▸ YOUR OBJECTIVE: Pictures are to be left out, and only the lines from the one containing "Setiap memo suara" through the last line of the data are to be returned exactly.
• • • • •
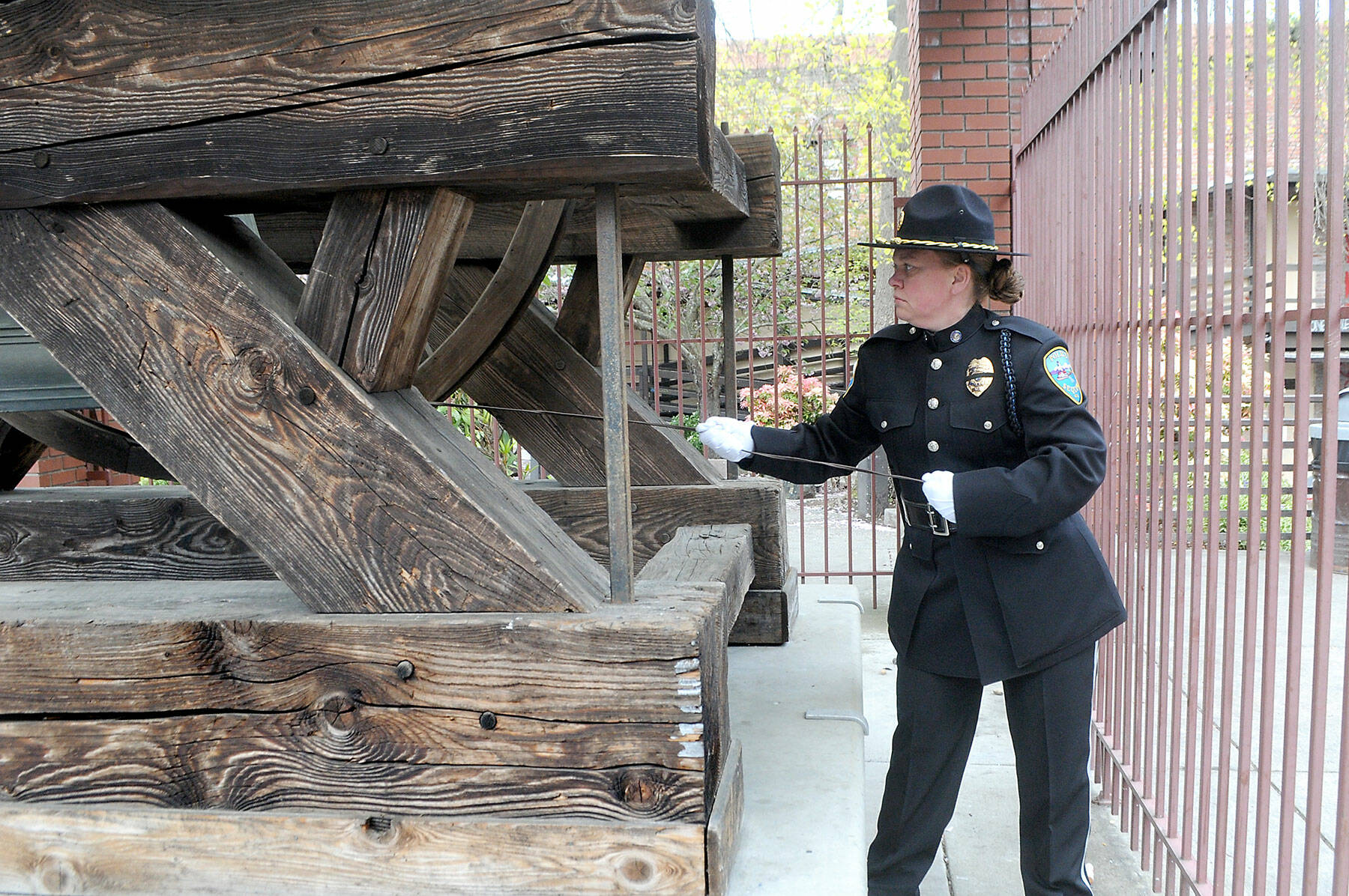 Above: Clallam County Sheriff Bill Benedict, left, reads off the names of Washington law enforcement officers killed in the line of duty as Port Angeles Police Chief Brian Smith looks on during a ceremony of Friday honoring law enforcement personnel as part of National Police Week. The ceremony, held at the Liberty Bell replica at Veterans Park in Port Angeles, included music from the Port Angeles High School choir, a flag ceremony, a gun salute and ringing of the bell.
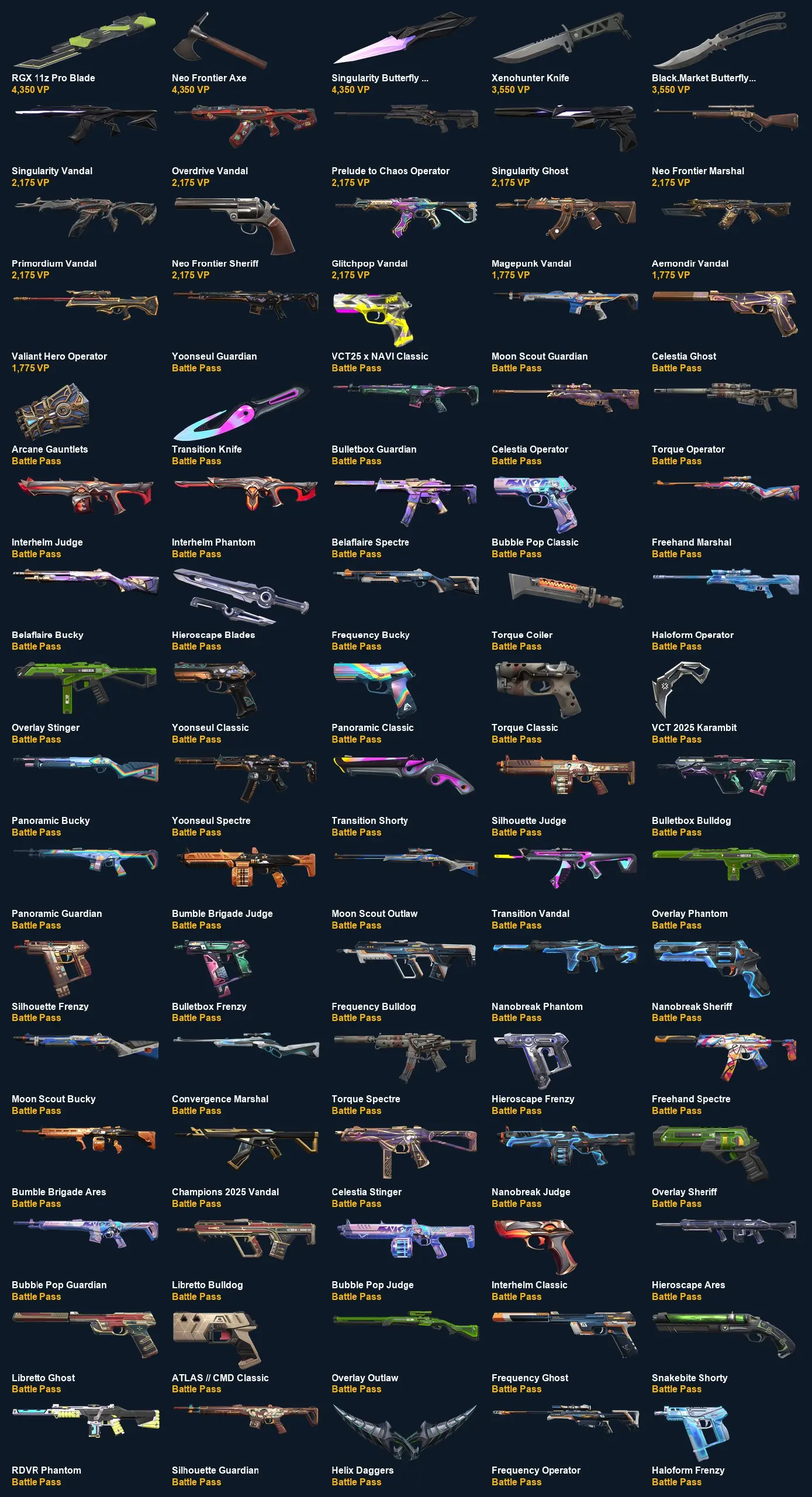 [EU] VCT 2025 Karambit + Champions 2025 Vandal + Arcane Guntlets + Primordium + Glitchpop + Magepink + Aemondir + Overdrive + Singulariy Vandals
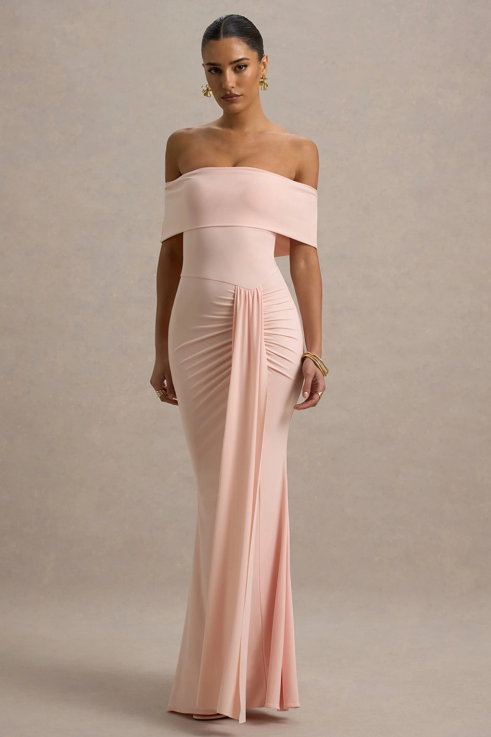 Capture the rooms attention in the maxi of the season, Delma, A must have this season. Designed in our premium stretch jersey, for a figure flattering finish, in a rich pink hue. Finished with a chic bardot neckline and an elegant ruched, sash detail to tie the look together. In this dress you wont be forgotten.
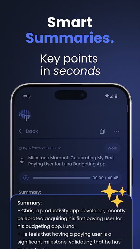 Setiap memo suara merangkumi ringkasan AI yang merakam perkara penting. AI secara automatik mengesan dan mengekstrak senarai tugasan - sebutkan tugasan semasa merakam dan ia disusun serta-merta. Tetapkan Peringatan pada mana-mana memo suara dengan tarikh/masa tertentu, memastikan anda tidak terlepas tarikh akhir. Susun dengan kategori tersuai seperti "Mesyuarat," "Kuliah," atau "Sumbang Saran" untuk penapisan pantas.
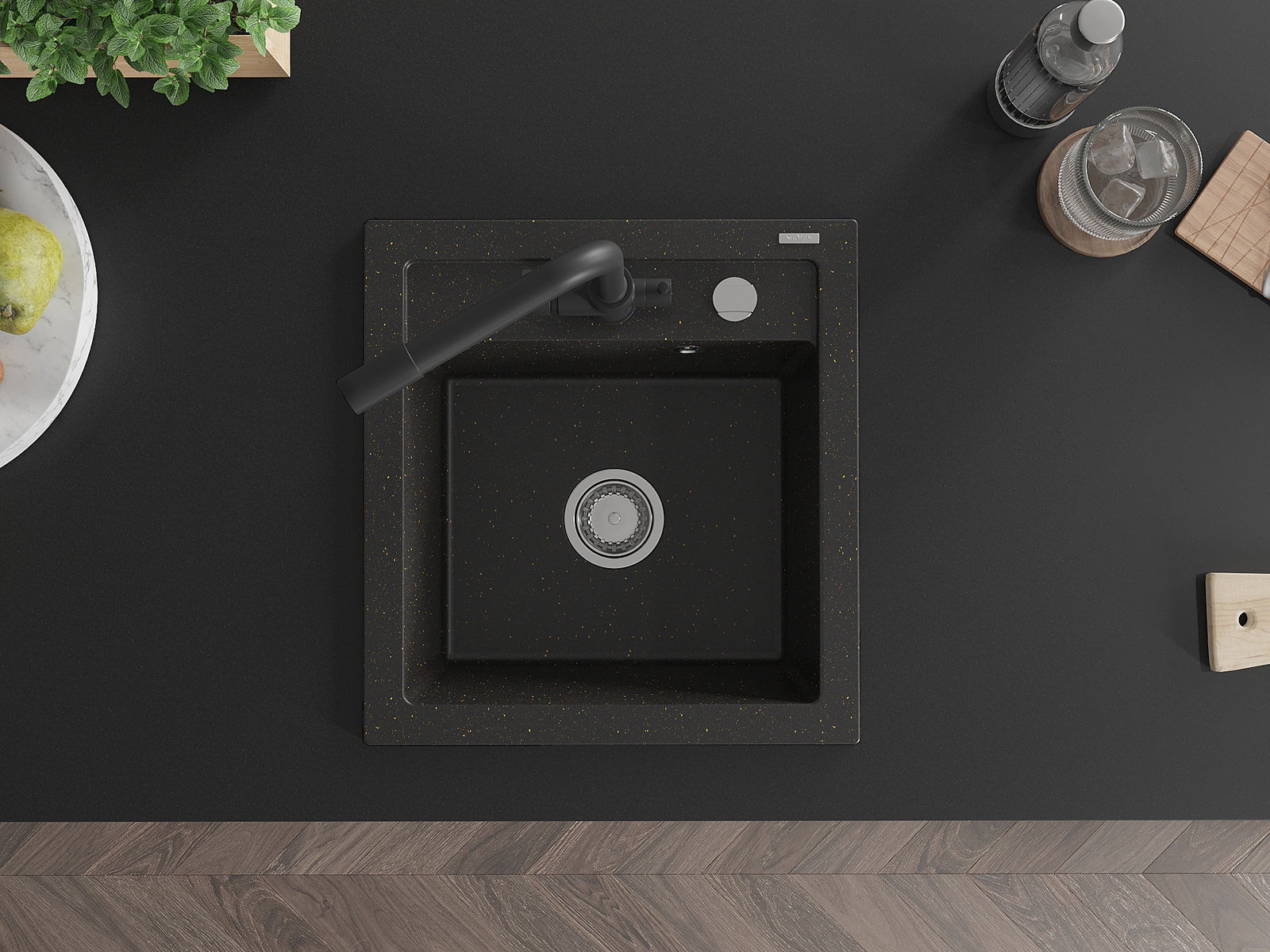 Zlew posiada podfrezowany otwór o średnicy 35 mm do samodzielnego wybicia. Można go wykorzystać m.in. do montażu dozownika na płyn, który wyeliminuje obecność plastikowych butelek w kuchni i nada jej eleganckiego wykończenia.
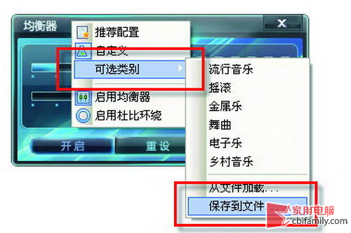 以上简单举例讲了几种音效的设置,为了避免每次都要手动设置,我们可以把调整好的均衡值保存下来,以备今后使用。
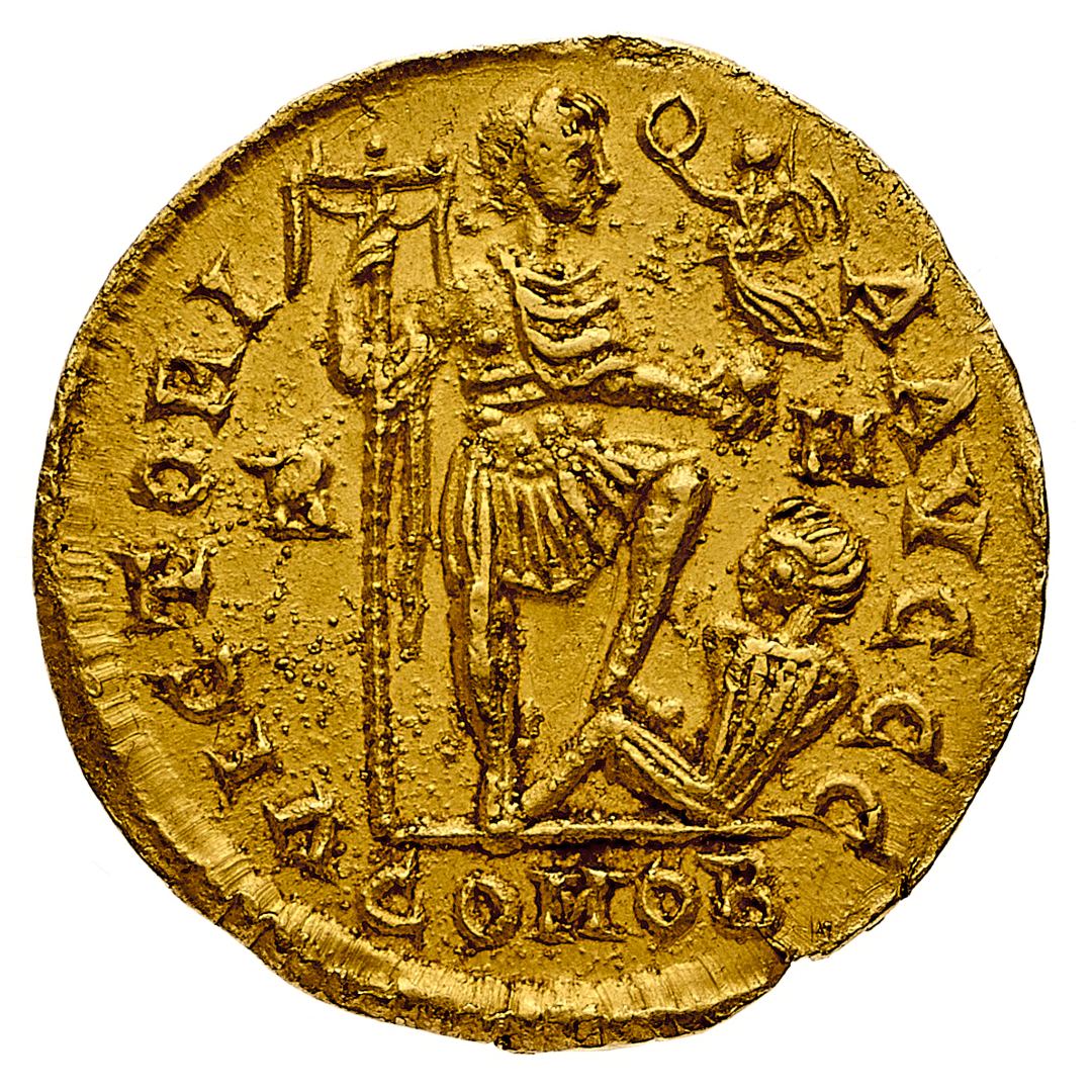 Solido databile al periodo 404-408 d.C. - Zecca: Roma - Diritto: busto diademato di perle, drappeggiato e corazzato dell'Imperatore a destra - Rovescio: l'Imperatore stante a destra, tiene uno stendardo con la mano destra e un globo niceforo con la sinistra; con il piede sinistro schiaccia un prigioniero a terra - gr. 4,21 - Lievi debolezze di conio al rovescio, q.SPL
• • • • •
▸ ANSWER BOX:
 Setiap memo suara merangkumi ringkasan AI yang merakam perkara penting. AI secara automatik mengesan dan mengekstrak senarai tugasan - sebutkan tugasan semasa merakam dan ia disusun serta-merta. Tetapkan Peringatan pada mana-mana memo suara dengan tarikh/masa tertentu, memastikan anda tidak terlepas tarikh akhir. Susun dengan kategori tersuai seperti "Mesyuarat," "Kuliah," atau "Sumbang Saran" untuk penapisan pantas.
 Zlew posiada podfrezowany otwór o średnicy 35 mm do samodzielnego wybicia. Można go wykorzystać m.in. do montażu dozownika na płyn, który wyeliminuje obecność plastikowych butelek w kuchni i nada jej eleganckiego wykończenia.
 以上简单举例讲了几种音效的设置,为了避免每次都要手动设置,我们可以把调整好的均衡值保存下来,以备今后使用。
 Solido databile al periodo 404-408 d.C. - Zecca: Roma - Diritto: busto diademato di perle, drappeggiato e corazzato dell'Imperatore a destra - Rovescio: l'Imperatore stante a destra, tiene uno stendardo con la mano destra e un globo niceforo con la sinistra; con il piede sinistro schiaccia un prigioniero a terra - gr. 4,21 - Lievi debolezze di conio al rovescio, q.SPL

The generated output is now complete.